Changed uarch/Makefile to pass -std=c++20 to C++ code it compiles.

Changed some of the error messages when logs are being verified.
I regret this, because it is kind of a pain to update the tests.
I think we should revisit these messages to make them more uniform, simpler, and helpful.
It will be important when we are debugging real issues.

Added DUMP_STATE_ACCESS and DUMP_UARCH_STATE_ACCESS options
State access classes now know their names, so this dump can tell which one is being called.
These still need to be polished a bit, but they are really useful in debugging.
Makefile now passes all DUMP options when building uarch.

Split out an i-accept-scoped-note.h interface with push_begin_bracket(), push_end_bracket(), and make_scoped_note().
All state access classes can inherit from it.
Doing so enables dumping of brackets automatically, even without "overriding" any of the methods.
Added a new DUMP_SCOPED_NOTE to dump the begin/end events.

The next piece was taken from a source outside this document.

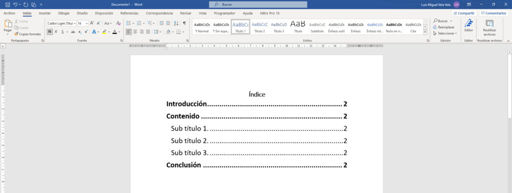 En este artículo vamos a aprender a crear un índice automático en Word de una manera fácil y sencilla, también lo podemos conocer como tabla de contenido. Estos índices se generan y actualizan de manera automática gracias a Microsoft Word.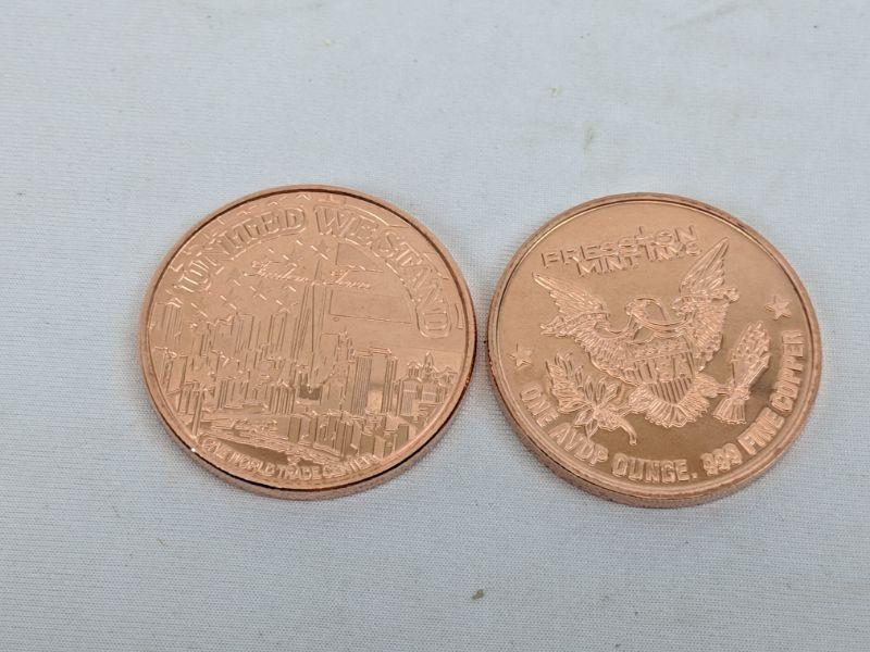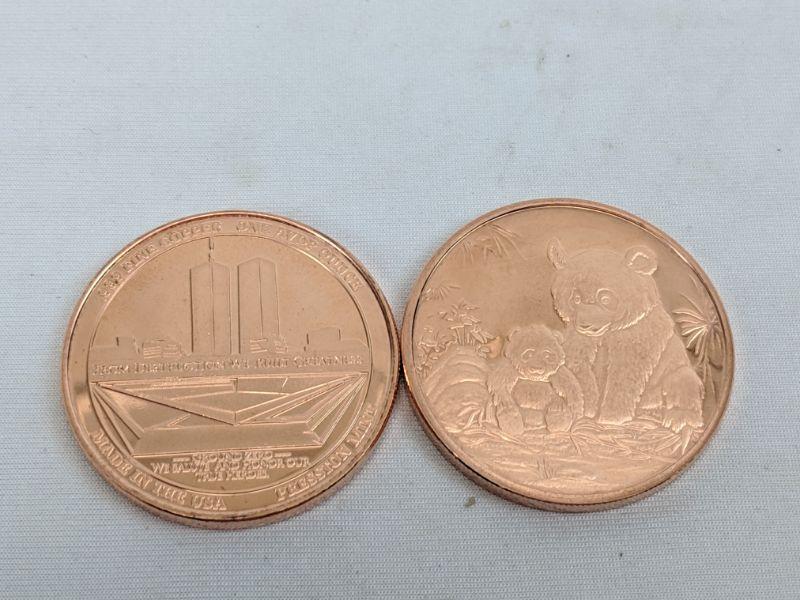 2 Preston Mint .999 oz Fine Copper Coins: United We Stand, Bears - New

Started adding back scoped notes to interpret.cpp.
Changed dump_insn in interpret.cpp to return a scoped note so we again have begin/end for each instruction.
Likewise, uarch now uses dumpInsn that returns a scoped note instead of directly using a scoped note.
Split DUMP_INSN into DUMP_INSN and DUMP_UARCH_INSN so we have finer control.

Simplified the mechanism of scoped notes and bracket notes.
Split push_bracket into push_begin_bracket and push_end_bracket in state access.
The scoped_note is now a separate template class in scoped-note.h.
It forwards calls to push_begin_bracket and push_end_bracket to the state access it controls

Created dump.h with a special D_PRINTF that calls fprintf outside of MICROARCHITECTURE, and printf otherwise.
Replaced all use of fprintf in interpret.cpp with calls to D_PRINTF.
i-state-access now has its own DSA_PRINTF static method that does nothing unless DUMP_STATE_ACCESS is defined.
This is much cleaner than sprinkling ifdefs everywhere in i-state-access.h.
i-uarch-state-access does the same with DUSA_PRINTF and DUMP_UARCH_STATE_ACCESS.
I prefer variadic macros for them, but the linter prefers variadic templates.
I believe the compiler eliminates the dummy variadic template anyway.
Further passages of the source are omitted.